[Extracted data entries]

======

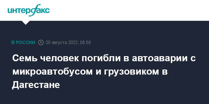 Москва. 20 августа. INTERFAX.RU - Автоавария с участием пассажирского микроавтобуса и грузовика произошла в Ногайском районе Дагестана, погибли семь человек, сообщает УГИБДД республики в своем телеграм-канале.
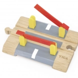 Końcówki łączące pasują do popularnych drewnianych systemów torów i dróg, więc przejazd łatwo włączysz do istniejącej zabudowy.
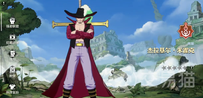 每个伙伴有着不同的风格,这里以米霍克(鹰眼)为例,他属于是华丽风格的,技能会消耗精力值,精力值是自动回复的,打中敌人则会提升自身的奥义点数。每个角色都有援护技,战斗的时候是无法使用援护技的,只有作为援护角色使用才能释放,有一些角色是援护,无法使用他们战斗,仅能通过援护释放出来提供支援。
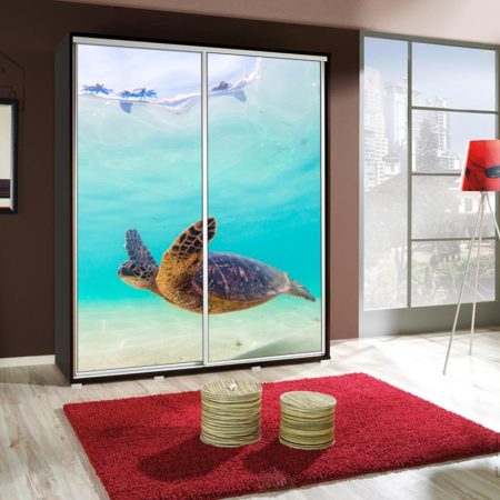 Garderobna omara z drsnimi vrati z grafiko Želva 2 Penelopa 155 cm
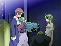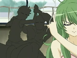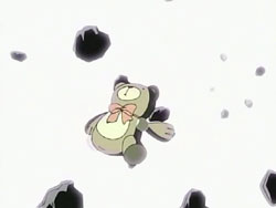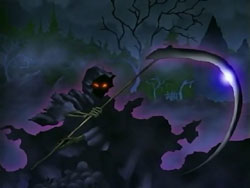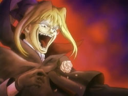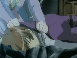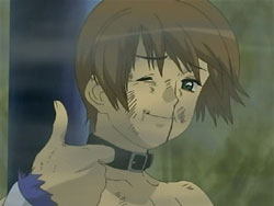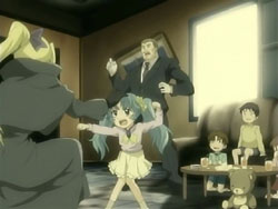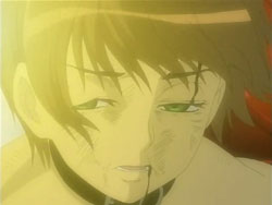Suddenly, the Shinigami shows up, announcing that his name is the “Sea of Violence.” Keita makes him realize that he’s off by a day since Kei’s birthday isn’t until tomorrow. The Sea of Violence decides to leave and come back tomorrow, but Keita stops him so that they can fight. Unfortunately, Keita and Youko’s powers can’t harm the Shinigami, though they do manage to reveal the blonde under the hood. The Sea of Violence announces that it’s slaughter time, but then Youko attacks him. In response, the Shinigami sends her into a bad dream – one involving dogs – since he has control over terror. He does the same for Keita, but Keita manages to break free. The Shinigami then lets loose a blast from his mouth that destroys the entire mansion. Standing in the ruins, he assures the scared Kei that he’s not going to kill anyone today. Keita gets back up and tries to declare that he’ll defeat the Shinigami, but falls back down before he can finish his sentence. After the Sea of Violence leaves, Kei tells Keita to go home and requests that he take Sebastian with them. She bids him farewell, hopes that he can be happy, and then starts singing her song again, resigned to her fate. Keita tells her that he thinks she has singing talent, and she thanks him. In frustration, Keita punches the ground.
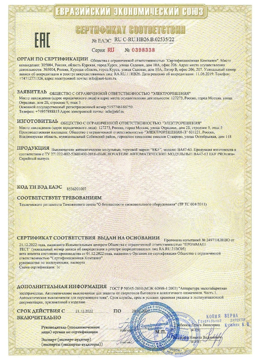 Автоматический выключатель 1P 20А (C) 4,5kA ВА 47-63 EKF PROxima

======

Output the span from the line with "Garderobna omara z" through the last line of the data, inclusive and exact, and omit every picture.

 Garderobna omara z drsnimi vrati z grafiko Želva 2 Penelopa 155 cm
Suddenly, the Shinigami shows up, announcing that his name is the “Sea of Violence.” Keita makes him realize that he’s off by a day since Kei’s birthday isn’t until tomorrow. The Sea of Violence decides to leave and come back tomorrow, but Keita stops him so that they can fight. Unfortunately, Keita and Youko’s powers can’t harm the Shinigami, though they do manage to reveal the blonde under the hood. The Sea of Violence announces that it’s slaughter time, but then Youko attacks him. In response, the Shinigami sends her into a bad dream – one involving dogs – since he has control over terror. He does the same for Keita, but Keita manages to break free. The Shinigami then lets loose a blast from his mouth that destroys the entire mansion. Standing in the ruins, he assures the scared Kei that he’s not going to kill anyone today. Keita gets back up and tries to declare that he’ll defeat the Shinigami, but falls back down before he can finish his sentence. After the Sea of Violence leaves, Kei tells Keita to go home and requests that he take Sebastian with them. She bids him farewell, hopes that he can be happy, and then starts singing her song again, resigned to her fate. Keita tells her that he thinks she has singing talent, and she thanks him. In frustration, Keita punches the ground.
 Автоматический выключатель 1P 20А (C) 4,5kA ВА 47-63 EKF PROxima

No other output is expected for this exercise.